Many traditional winter favourites remain off-limits to travellers, such as Florida, arguably less safe than Somalia at present, both less hazardous than Rio. And travellers must get used to obtaining negative PCR coronavirus tests before travelling. As with Dubai – which is not on the corridor list despite having a lower case-rate than French Polynesia, which remains on it.
Casting around the globe for winter sun, Thailand’s beach resorts are hugely popular with Britons yet currently closed for non-essential journeys. Rumours, however, fuelled by their ministry of tourism last week suggest a phased reopening labelled ‘Safe and Sealed’ to be trialled in Phuket as early as October, although it’s not known if Britons will be permitted among the first arrivals.
Likewise, Sri Lanka’s heavenly tropical beaches are popular for family winter breaks, and it has no FCO advisory, yet, despite a low case-rate of 0.3/100,000, it has not been granted a travel corridor. Holidaymakers currently require 14-days quarantine both upon arrival there and after returning home.
The dreamy atolls of the Maldives are open albeit with another unnuanced FCO advisory. They have a high case-rate (179.1/100,000) yet centred around the capital, Male, and not the islands, which have been declared free of Covid-19 before opening.
But when you go on holiday to the Maldives you don’t spend any time in Male, you go straight from the airport to either a hotel speedboat or a private lounge at the seaplane terminal. As one-hotel-one-island destinations, each resort is able to take hygiene protocols into their own hands.” Around 146 of its 156 island resorts will be open by late October.
Meanwhile, there are largely dark clouds on the horizon if you’re thinking of a sunshine vacation in the Americas or Africa.
Latin America’s best bet might be Costa Rica, nature’s renowned eco-paradise. They opened to British visitors on August 1 with arrivals not required to quarantine – just provide a negative coronavirus test taken 48 hours before travelling instead. Its national parks and hotels are restricted to operate at 50 per cent to allow social distancing.
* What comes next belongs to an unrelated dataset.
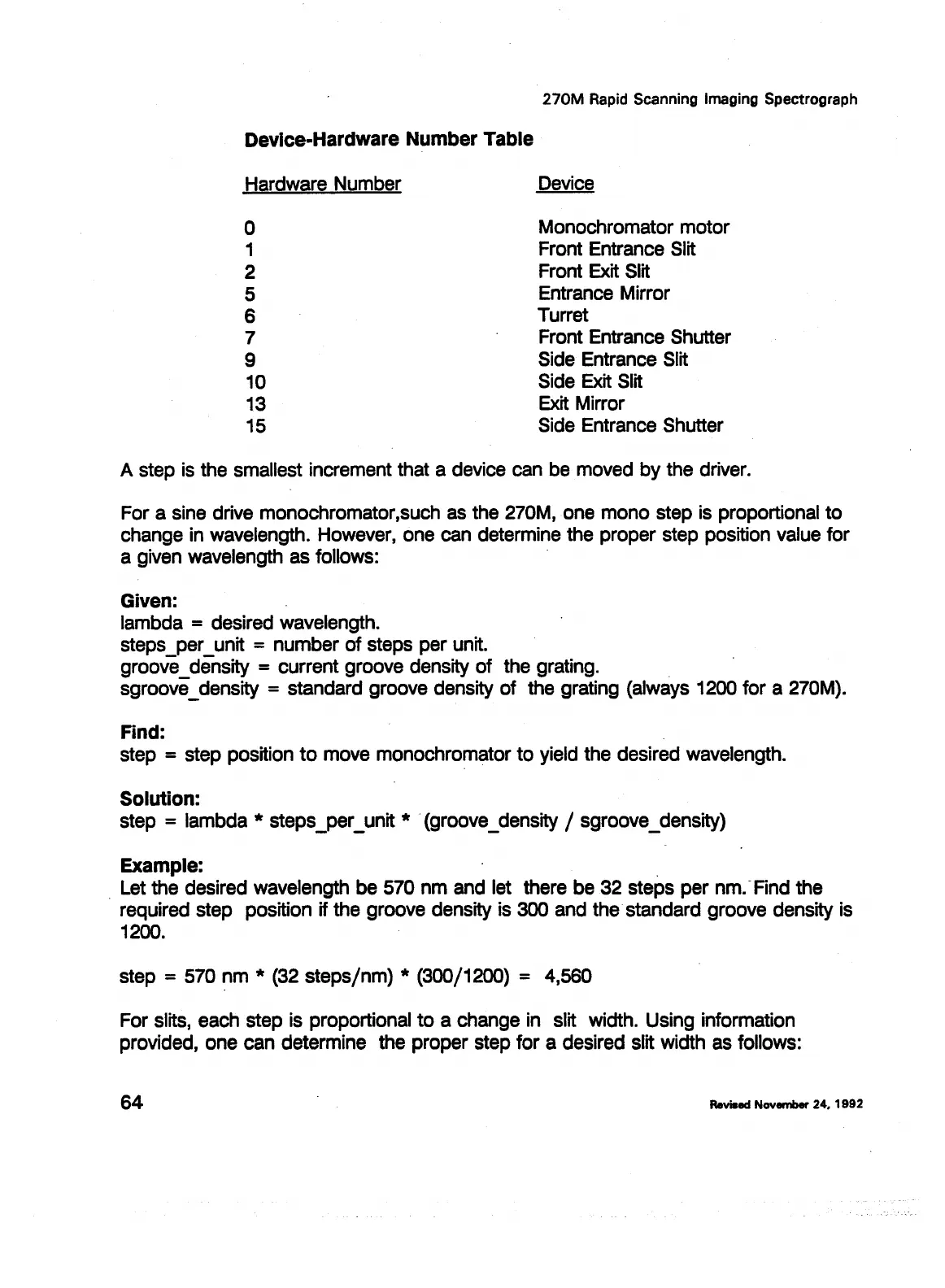 _ Let the desired wavelength be 570 nm and let there be 32 steps per nm.· Find the

Costa Rica is not a travel corridor, yet without mass-market American tourism there might never be a more uncrowded time to see the country. British Airways resumes flights from October 27.
In Africa, winter sunshine breaks in the Cape are in the balance as South Africa remains closed, despite rumours this may change soon. Likewise, firm winter sun favourite, The Gambia, currently insists upon a 14-day curfew upon arrival – not too far removed from what most sunseekers do anyway, lounging on sunbeds at all-inclusive resorts.
Egypt is a similar source of bafflement to the travel sector. Its case-rate is a minimal 0.9, yet no corridor is in place. Not even to the Red Sea resorts of Sharm-el-Sheikh and Hurghada. EasyJet will commence flights to Hurghada from September 2nd.
If this round-up has driven you to reach for the Prozac, hold on, as a beacon of light this winter may be the Caribbean.
Ten Caribbean islands have travel corridors and retain low case-rates, and the islands have all developed individual strategies to win back customer confidence – most require travellers to bring a negative test result taken 72 hours before travel.